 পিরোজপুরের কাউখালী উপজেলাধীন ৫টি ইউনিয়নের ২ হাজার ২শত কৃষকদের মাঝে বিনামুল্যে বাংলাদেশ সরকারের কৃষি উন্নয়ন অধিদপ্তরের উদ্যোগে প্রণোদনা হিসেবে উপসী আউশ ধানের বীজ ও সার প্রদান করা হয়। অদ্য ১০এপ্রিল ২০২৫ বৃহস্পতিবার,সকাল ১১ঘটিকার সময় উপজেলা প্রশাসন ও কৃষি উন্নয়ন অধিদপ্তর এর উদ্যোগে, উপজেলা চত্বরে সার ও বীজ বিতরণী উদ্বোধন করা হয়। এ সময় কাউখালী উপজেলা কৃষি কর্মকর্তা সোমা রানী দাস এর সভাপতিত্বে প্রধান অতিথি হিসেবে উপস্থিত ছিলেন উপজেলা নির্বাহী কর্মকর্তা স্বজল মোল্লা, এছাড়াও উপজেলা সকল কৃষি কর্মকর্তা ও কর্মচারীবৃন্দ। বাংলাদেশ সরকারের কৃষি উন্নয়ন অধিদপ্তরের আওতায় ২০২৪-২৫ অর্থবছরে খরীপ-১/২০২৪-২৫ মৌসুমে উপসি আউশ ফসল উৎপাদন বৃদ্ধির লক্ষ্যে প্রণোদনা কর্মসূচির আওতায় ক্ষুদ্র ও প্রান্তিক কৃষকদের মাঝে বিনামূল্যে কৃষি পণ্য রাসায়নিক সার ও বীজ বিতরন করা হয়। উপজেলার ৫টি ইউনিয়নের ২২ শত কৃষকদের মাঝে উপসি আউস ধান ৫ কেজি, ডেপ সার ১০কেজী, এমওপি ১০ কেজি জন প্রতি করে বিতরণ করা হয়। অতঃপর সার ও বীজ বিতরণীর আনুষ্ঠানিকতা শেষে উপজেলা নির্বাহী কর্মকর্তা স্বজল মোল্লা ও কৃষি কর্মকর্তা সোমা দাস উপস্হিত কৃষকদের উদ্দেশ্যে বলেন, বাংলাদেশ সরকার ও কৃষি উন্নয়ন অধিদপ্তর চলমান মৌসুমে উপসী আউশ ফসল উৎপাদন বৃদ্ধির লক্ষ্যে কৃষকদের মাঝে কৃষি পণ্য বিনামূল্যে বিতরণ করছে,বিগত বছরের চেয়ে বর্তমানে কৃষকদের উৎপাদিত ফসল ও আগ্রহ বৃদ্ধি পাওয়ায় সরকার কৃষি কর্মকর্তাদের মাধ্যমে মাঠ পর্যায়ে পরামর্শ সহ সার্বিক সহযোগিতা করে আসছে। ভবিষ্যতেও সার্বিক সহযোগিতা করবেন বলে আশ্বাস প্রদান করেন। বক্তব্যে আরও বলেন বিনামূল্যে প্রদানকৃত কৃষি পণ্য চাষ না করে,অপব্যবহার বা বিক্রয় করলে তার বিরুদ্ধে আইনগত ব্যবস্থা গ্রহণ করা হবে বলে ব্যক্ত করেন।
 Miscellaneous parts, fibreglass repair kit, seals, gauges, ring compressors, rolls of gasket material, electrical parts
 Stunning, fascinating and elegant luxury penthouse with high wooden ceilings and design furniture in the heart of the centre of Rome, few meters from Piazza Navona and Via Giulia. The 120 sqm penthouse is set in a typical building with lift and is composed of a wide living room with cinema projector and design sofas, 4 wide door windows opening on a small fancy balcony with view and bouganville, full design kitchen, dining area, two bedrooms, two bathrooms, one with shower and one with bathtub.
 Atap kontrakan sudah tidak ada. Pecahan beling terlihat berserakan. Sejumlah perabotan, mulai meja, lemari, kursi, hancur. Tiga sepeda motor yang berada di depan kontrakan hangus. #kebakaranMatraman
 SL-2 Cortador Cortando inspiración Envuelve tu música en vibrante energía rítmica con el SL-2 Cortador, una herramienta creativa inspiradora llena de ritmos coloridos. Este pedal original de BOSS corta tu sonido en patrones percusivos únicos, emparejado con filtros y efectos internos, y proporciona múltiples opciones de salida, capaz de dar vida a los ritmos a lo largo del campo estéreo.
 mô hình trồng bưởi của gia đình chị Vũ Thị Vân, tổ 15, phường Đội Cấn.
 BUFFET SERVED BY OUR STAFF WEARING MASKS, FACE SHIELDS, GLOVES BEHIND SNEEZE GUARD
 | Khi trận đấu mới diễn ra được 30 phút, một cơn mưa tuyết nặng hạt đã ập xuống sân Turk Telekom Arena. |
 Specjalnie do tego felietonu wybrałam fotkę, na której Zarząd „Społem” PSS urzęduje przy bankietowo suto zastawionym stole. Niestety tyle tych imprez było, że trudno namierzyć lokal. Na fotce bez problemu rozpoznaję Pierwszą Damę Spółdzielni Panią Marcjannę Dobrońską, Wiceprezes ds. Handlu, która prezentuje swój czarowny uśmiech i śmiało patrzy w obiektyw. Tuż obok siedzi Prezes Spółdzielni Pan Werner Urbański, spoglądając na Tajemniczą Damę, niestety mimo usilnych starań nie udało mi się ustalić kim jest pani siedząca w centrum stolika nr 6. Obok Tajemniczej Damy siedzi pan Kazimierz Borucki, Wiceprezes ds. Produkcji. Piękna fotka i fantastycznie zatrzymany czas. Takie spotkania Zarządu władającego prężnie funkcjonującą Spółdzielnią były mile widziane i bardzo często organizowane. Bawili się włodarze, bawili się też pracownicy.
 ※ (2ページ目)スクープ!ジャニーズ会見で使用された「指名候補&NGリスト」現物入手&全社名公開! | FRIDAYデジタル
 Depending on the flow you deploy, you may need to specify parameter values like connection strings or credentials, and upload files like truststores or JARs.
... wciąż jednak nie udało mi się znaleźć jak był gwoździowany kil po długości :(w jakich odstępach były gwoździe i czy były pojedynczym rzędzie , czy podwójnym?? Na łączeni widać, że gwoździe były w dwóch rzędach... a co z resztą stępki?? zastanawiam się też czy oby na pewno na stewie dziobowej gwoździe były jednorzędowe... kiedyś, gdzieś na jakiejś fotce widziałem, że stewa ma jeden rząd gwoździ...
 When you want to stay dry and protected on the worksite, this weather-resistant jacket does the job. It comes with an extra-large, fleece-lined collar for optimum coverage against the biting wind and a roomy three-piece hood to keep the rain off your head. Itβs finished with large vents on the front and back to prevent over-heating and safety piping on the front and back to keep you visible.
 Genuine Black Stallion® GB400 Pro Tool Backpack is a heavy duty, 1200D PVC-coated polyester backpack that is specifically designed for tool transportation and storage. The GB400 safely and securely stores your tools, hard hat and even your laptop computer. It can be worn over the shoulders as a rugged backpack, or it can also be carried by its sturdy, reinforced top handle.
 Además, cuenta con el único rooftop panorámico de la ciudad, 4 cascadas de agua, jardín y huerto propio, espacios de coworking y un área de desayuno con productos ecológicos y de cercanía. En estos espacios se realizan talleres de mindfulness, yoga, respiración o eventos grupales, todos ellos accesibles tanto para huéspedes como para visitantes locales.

——

Start with the line above that contains "Specjalnie do tego" and stop after the line that contains "Depending on the". Output those lines exactly, and only those.

 Specjalnie do tego felietonu wybrałam fotkę, na której Zarząd „Społem” PSS urzęduje przy bankietowo suto zastawionym stole. Niestety tyle tych imprez było, że trudno namierzyć lokal. Na fotce bez problemu rozpoznaję Pierwszą Damę Spółdzielni Panią Marcjannę Dobrońską, Wiceprezes ds. Handlu, która prezentuje swój czarowny uśmiech i śmiało patrzy w obiektyw. Tuż obok siedzi Prezes Spółdzielni Pan Werner Urbański, spoglądając na Tajemniczą Damę, niestety mimo usilnych starań nie udało mi się ustalić kim jest pani siedząca w centrum stolika nr 6. Obok Tajemniczej Damy siedzi pan Kazimierz Borucki, Wiceprezes ds. Produkcji. Piękna fotka i fantastycznie zatrzymany czas. Takie spotkania Zarządu władającego prężnie funkcjonującą Spółdzielnią były mile widziane i bardzo często organizowane. Bawili się włodarze, bawili się też pracownicy.
 ※ (2ページ目)スクープ!ジャニーズ会見で使用された「指名候補&NGリスト」現物入手&全社名公開! | FRIDAYデジタル
 Depending on the flow you deploy, you may need to specify parameter values like connection strings or credentials, and upload files like truststores or JARs.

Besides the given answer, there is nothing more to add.